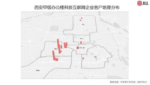 仲量聯(lián)行西安商業(yè)地產(chǎn)部總監(jiān)何娜表示,作為西安戰(zhàn)略新興產(chǎn)業(yè),科技互聯(lián)網(wǎng)企業(yè)成為辦公樓需求的重要支撐,產(chǎn)業(yè)位列西安辦公樓市場新增需求前三名。對比過去三年間科技互聯(lián)網(wǎng)企業(yè)在西安甲級辦公樓中的分布,不難發(fā)現(xiàn),依托科技互聯(lián)網(wǎng)產(chǎn)業(yè)優(yōu)勢,高新區(qū)兩大商務區(qū)吸引了大批科技企業(yè)進駐,已形成產(chǎn)業(yè)聚集效應,且企業(yè)選址越來越具有鮮明的特色需求和產(chǎn)業(yè)驅(qū)動的趨勢。例如中資大客戶華為在西安的布局選址,企業(yè)從戰(zhàn)略角度關注區(qū)域間的聚集和樓宇間的分散,是企業(yè)客戶選址需求多元化的表現(xiàn)。
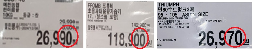 - **,*90원: 일반적인 정가로, 할인 없이 판매되는 가격입니다. 예를 들어 9,590원이나 26,790원과 같이 끝자리가 90원으로 표시되는것은 할인없이 정가 판매 제품임을 의미합니다.
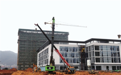 2月14日,赤壁市中医院生态新城院区正抓紧建设。
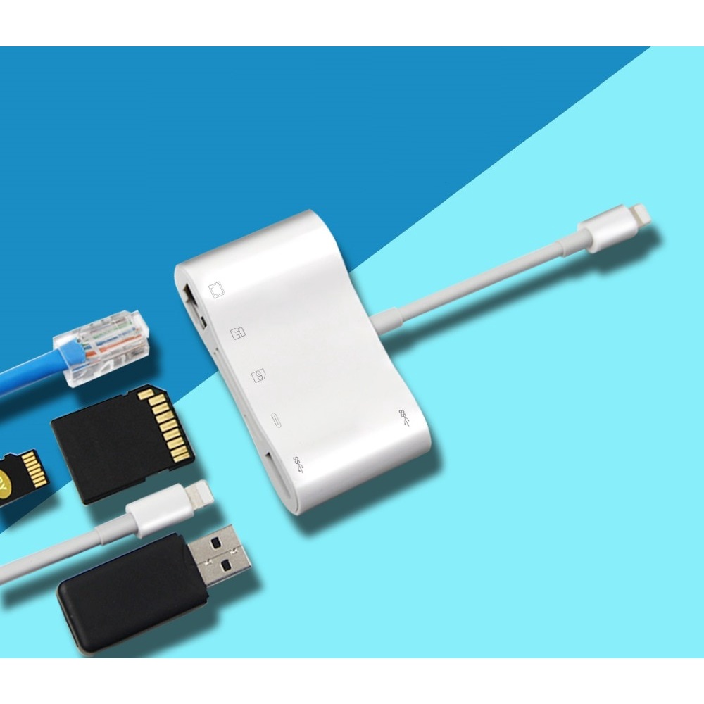 OTG Lightning Ethernet LAN RJ45 Card Reader USB 6in1 Adapter
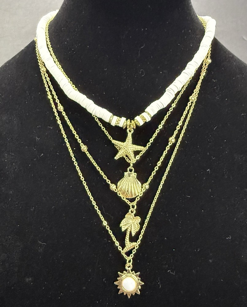 4-Layer Beach Ocean Charm Pendant BOHO Necklace Gold Tone Polymer Clay Beads 17”-19” Pre-owned. Excellent condition. Photos are part of the description. If you purchase more than one fashion jewelry from my shop please message me so I can adjust the shipping fee. Thanks
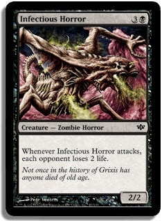 Whenever Infectious Horror attacks, each opponent loses 2 life.
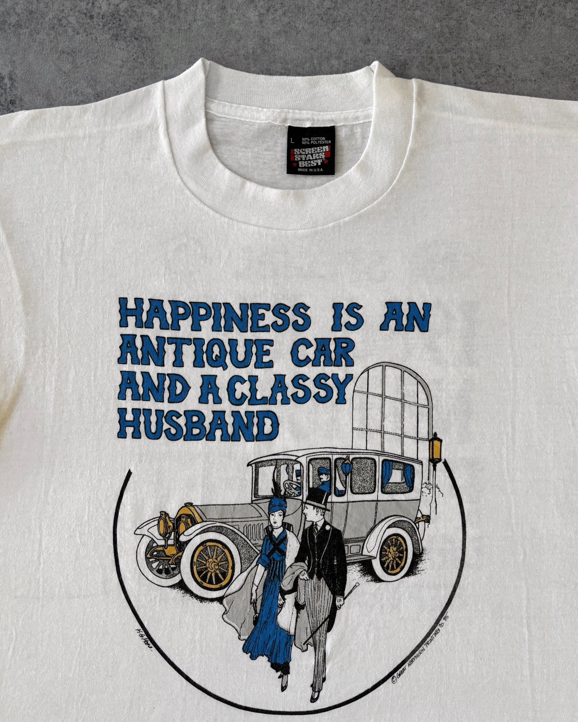Maglietta vintage 1986 AACA (Antique Automobile Club of America) National Fall Meet, tenutosi a Lake Placid, NY. Sul fronte presenta un’illustrazione d’epoca con lo slogan “Happiness is an Antique Car and a Classy Husband”. Sul retro, i dettagli dell’evento con i loghi ufficiali AACA.
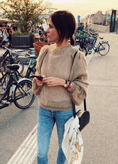 Notre Tinsel Sweater est un kit intermédiaire. Il est créé avec rien d'autre que vos mains, quelques aiguilles et de la patience ! Ce pull est spécial, il a une coupe décontractée accentuée par des manches amples. Portez-le avec un pantalon ample pour jouer sur les proportions.
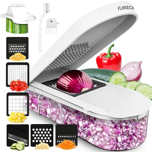 Fullstar Vegetable Chopper, Cheese Slicer, Food Chopper, Veggie Chopper, Onion Chopper, Vegetable Chopper with Container, Mandoline Slicer & Cheese Grater (6 in 1 - Full White)
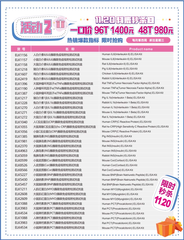 ELK 全場(chǎng) ELISA 試劑盒優(yōu)惠多多,有賣有送
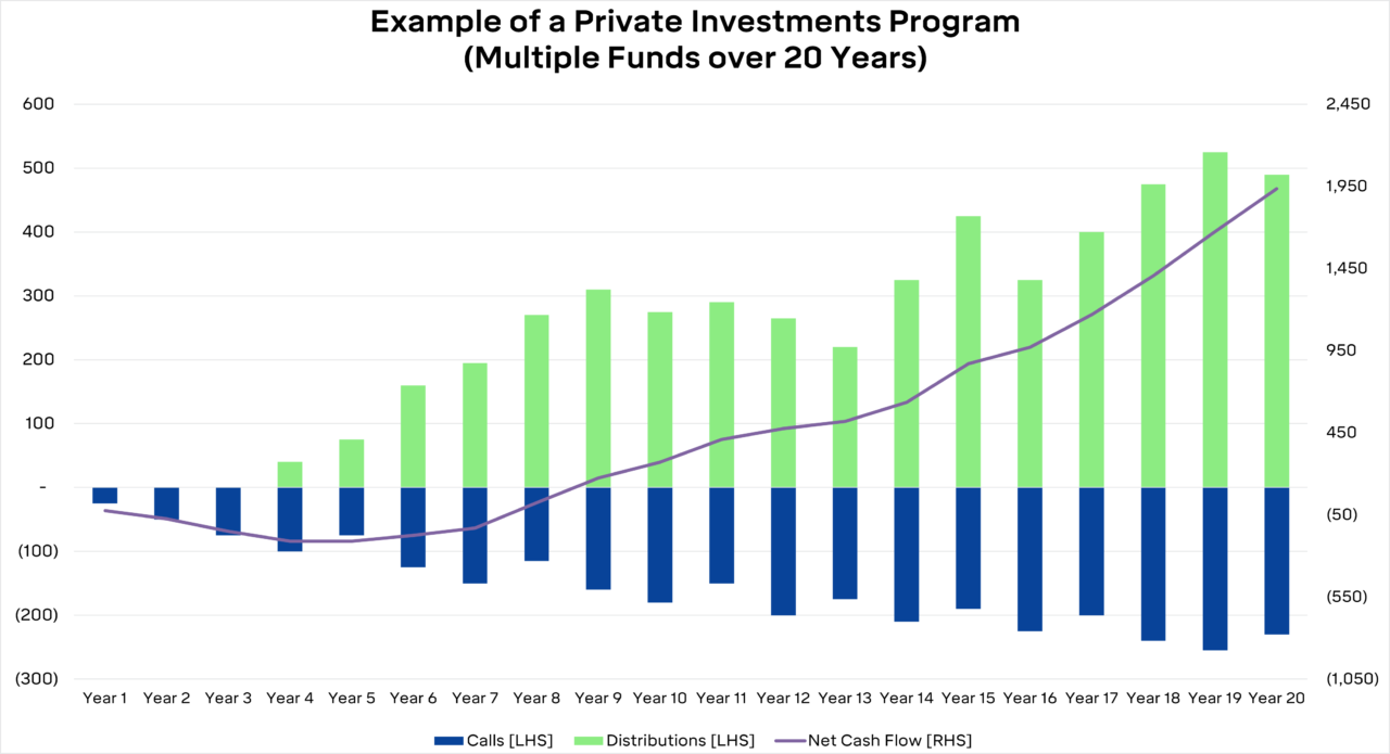 Eventually, a private investment program becomes largely self-funding as distributions from older funds are sufficient to cover the capital calls from newer funds. The below chart shows the capital calls and distributions for a hypothetical multi-fund multi-vintage year program over its first 20 years.
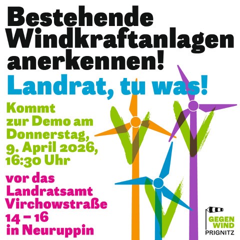 09. April 2026 - Demo in Neuruppin Zahlreiche Bürgerinitiativen aus der Prignitz fordern vom Landrat endlich vohandene, bereits stehende Windkraftanlagen im Regionalplan anzuerkennen. Nur in der Prignitz betrifft dies über 200 Anlagen ->Link
* * * *
• TASK DIRECTIONS:
Please repeat the data verbatim and leave the pictures out of your copy.

• ANSWER SPACE:
 仲量聯(lián)行西安商業(yè)地產(chǎn)部總監(jiān)何娜表示,作為西安戰(zhàn)略新興產(chǎn)業(yè),科技互聯(lián)網(wǎng)企業(yè)成為辦公樓需求的重要支撐,產(chǎn)業(yè)位列西安辦公樓市場新增需求前三名。對比過去三年間科技互聯(lián)網(wǎng)企業(yè)在西安甲級辦公樓中的分布,不難發(fā)現(xiàn),依托科技互聯(lián)網(wǎng)產(chǎn)業(yè)優(yōu)勢,高新區(qū)兩大商務區(qū)吸引了大批科技企業(yè)進駐,已形成產(chǎn)業(yè)聚集效應,且企業(yè)選址越來越具有鮮明的特色需求和產(chǎn)業(yè)驅(qū)動的趨勢。例如中資大客戶華為在西安的布局選址,企業(yè)從戰(zhàn)略角度關注區(qū)域間的聚集和樓宇間的分散,是企業(yè)客戶選址需求多元化的表現(xiàn)。
 - **,*90원: 일반적인 정가로, 할인 없이 판매되는 가격입니다. 예를 들어 9,590원이나 26,790원과 같이 끝자리가 90원으로 표시되는것은 할인없이 정가 판매 제품임을 의미합니다.
 2月14日,赤壁市中医院生态新城院区正抓紧建设。
 OTG Lightning Ethernet LAN RJ45 Card Reader USB 6in1 Adapter
 4-Layer Beach Ocean Charm Pendant BOHO Necklace Gold Tone Polymer Clay Beads 17”-19” Pre-owned. Excellent condition. Photos are part of the description. If you purchase more than one fashion jewelry from my shop please message me so I can adjust the shipping fee. Thanks
 Whenever Infectious Horror attacks, each opponent loses 2 life.
Maglietta vintage 1986 AACA (Antique Automobile Club of America) National Fall Meet, tenutosi a Lake Placid, NY. Sul fronte presenta un’illustrazione d’epoca con lo slogan “Happiness is an Antique Car and a Classy Husband”. Sul retro, i dettagli dell’evento con i loghi ufficiali AACA.
 Notre Tinsel Sweater est un kit intermédiaire. Il est créé avec rien d'autre que vos mains, quelques aiguilles et de la patience ! Ce pull est spécial, il a une coupe décontractée accentuée par des manches amples. Portez-le avec un pantalon ample pour jouer sur les proportions.
 Fullstar Vegetable Chopper, Cheese Slicer, Food Chopper, Veggie Chopper, Onion Chopper, Vegetable Chopper with Container, Mandoline Slicer & Cheese Grater (6 in 1 - Full White)
 ELK 全場(chǎng) ELISA 試劑盒優(yōu)惠多多,有賣有送
 Eventually, a private investment program becomes largely self-funding as distributions from older funds are sufficient to cover the capital calls from newer funds. The below chart shows the capital calls and distributions for a hypothetical multi-fund multi-vintage year program over its first 20 years.
 09. April 2026 - Demo in Neuruppin Zahlreiche Bürgerinitiativen aus der Prignitz fordern vom Landrat endlich vohandene, bereits stehende Windkraftanlagen im Regionalplan anzuerkennen. Nur in der Prignitz betrifft dies über 200 Anlagen ->Link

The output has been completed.